By now, the people of Edoras had given their Golden Heir and his mother names of their own. To the Riders and townsfolk alike, the Princess was the Shield of Rohan, strong and steady, while her son was the Golden Storm, brilliant, relentless, and impossible to contain.

"Where the Shield stands, the Storm rages," they joked, "and the kingdom is better for it."

The Princess pretended to dislike the title, but even she couldn't hide the smile when she overheard children chanting, "Storm and Shield, Storm and Shield!" as they played in the streets.

Edwen's next obsession was not walls or swords, but healing. Too many Riders, he argued, fell to wounds that might have been treated with better knowledge.

 

He pored over herbs, minerals, and anatomy sketches, writing manuals on fevers, infections, and wounds. He taught healers to boil water to purify it, to wash their hands before tending wounds, and to stitch deep cuts with clean thread.

 

His crowning idea was the creation of a hall of healing, a place where knowledge and care gathered under one roof.
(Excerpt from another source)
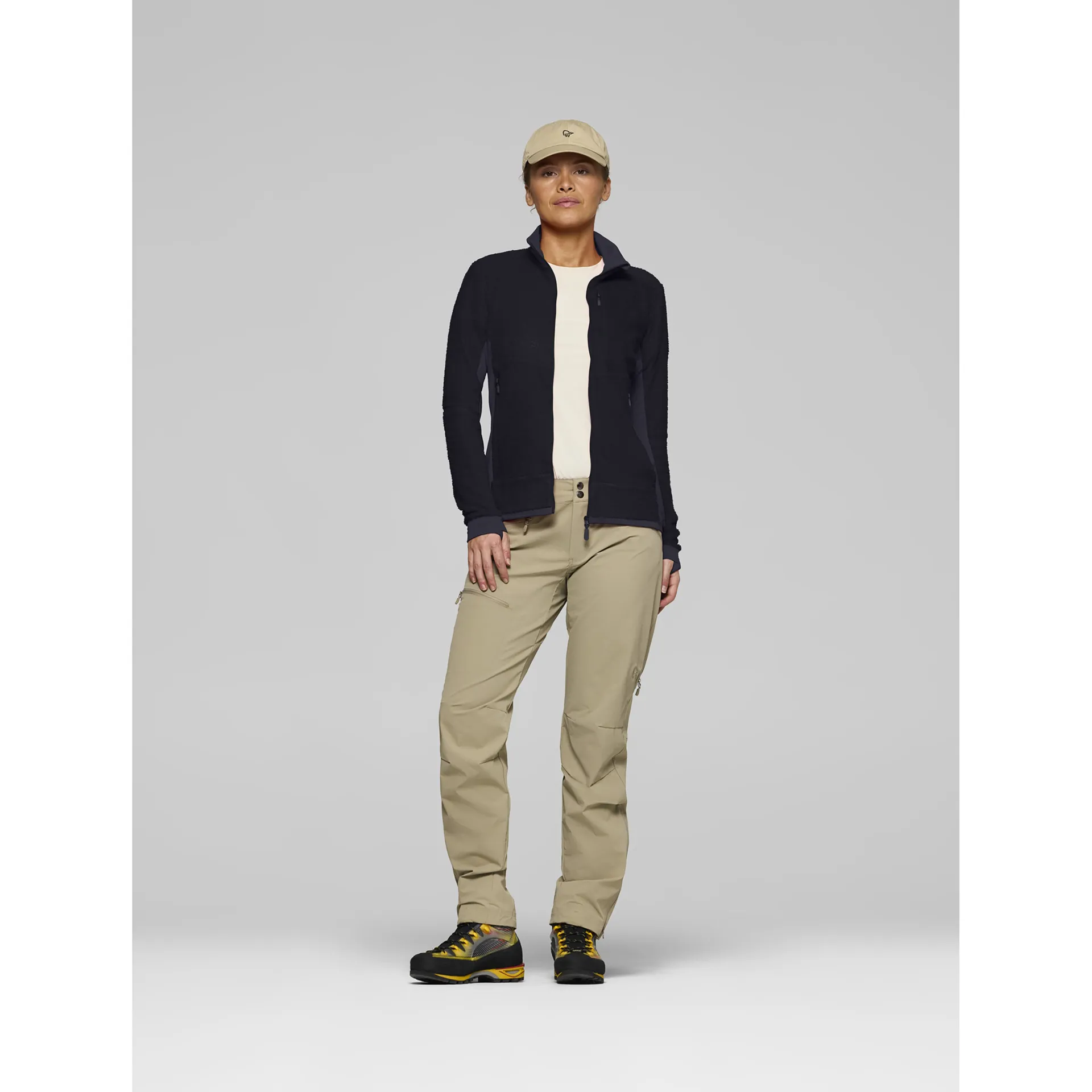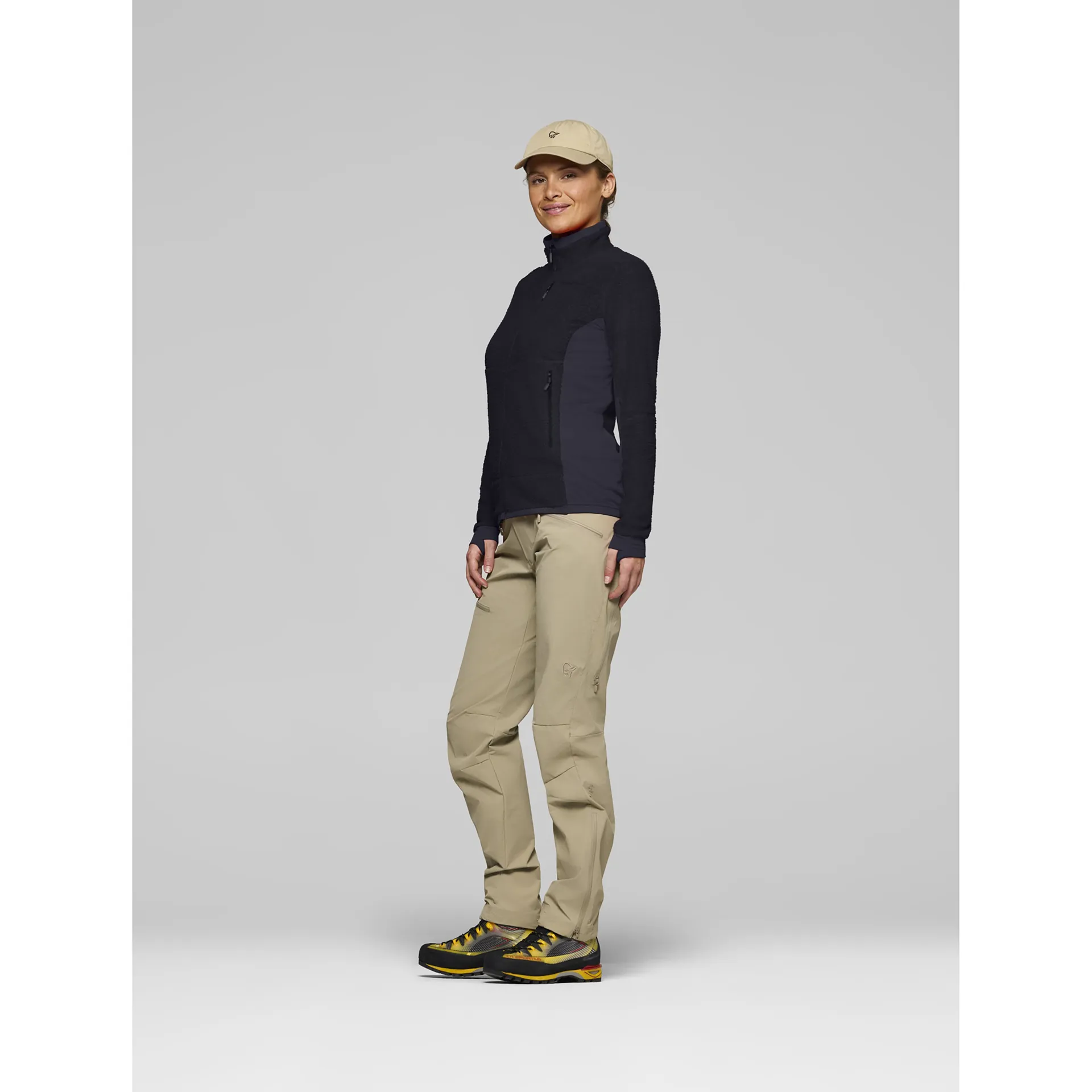 The warm1 series represents Norrona's lightest and most breathable fleece category, weighing under 200g/m². These fabrics trap warm air effectively while maintaining high moisture transport for all-day comfort.

The first hospital in Rohan.

 

"Riders deserve more than a quick prayer and a clean bandage," he told the council. "They deserve to live."

 

The Princess, skeptical at first, watched as men who might have lost limbs walked again, and children who once would have died from fevers grew strong. "This… this may be your finest work yet," she admitted softly.

But Edwen was never content with one victory. If Riders rode to war, then Riders should also carry healing.

 

He began training a corps of field medic soldiers, taught to treat wounds on the battlefield. He showed them how to stop bleeding with pressure, how to set broken bones, and how to use clean water instead of dirty rags.

 

The Riders teased him at first, calling them "bandage-boys" instead of warriors. That changed after the first battle drill, when the medics treated bruises and cuts in moments while others still limped. Soon, every Rider wanted at least one medic in their company.

 

"They'll save more lives than swords," Edwen said proudly.

Of course, every success came with chaos.

 

Once, he tested a new disinfectant made from distilled spirits by spilling it across the floor. The flames from a nearby torch set the entire hall alight in seconds. Edwen dove into the blaze to smother it with cloaks, emerging half-scorched but triumphant.

"See? It works!" he declared proudly.

His mother shrieked, "It nearly worked you into ashes!"

 

The servants laughed about it for weeks. "The Storm tried to burn himself out, but the Shield would not let him."

 

Another time, while demonstrating how boiling could clean water, he left a pot unattended. The entire kitchen flooded with steam, and half the cooks fled. When his mother stormed in, coughing and glaring, Edwen held out a cup and said innocently, "At least it's safe to drink now."

 

The Princess groaned, but the people roared with laughter when they heard the tale.

Rohan was changing. Where once it was known only for horses and Riders, now it was whispered about across the plains for its knowledge and healing. Travelers marveled at the new library, the towering walls, the schools where even shepherds' sons could read, and now the hospitals that saved lives once thought doomed.

 

At the heart of it all were the Storm and the Shield, the mother who steadied the land, and the son who shook it with his brilliance and antics.

 

And though she often rubbed her temples in exasperation, the Princess knew one truth: Rohan had never been stronger.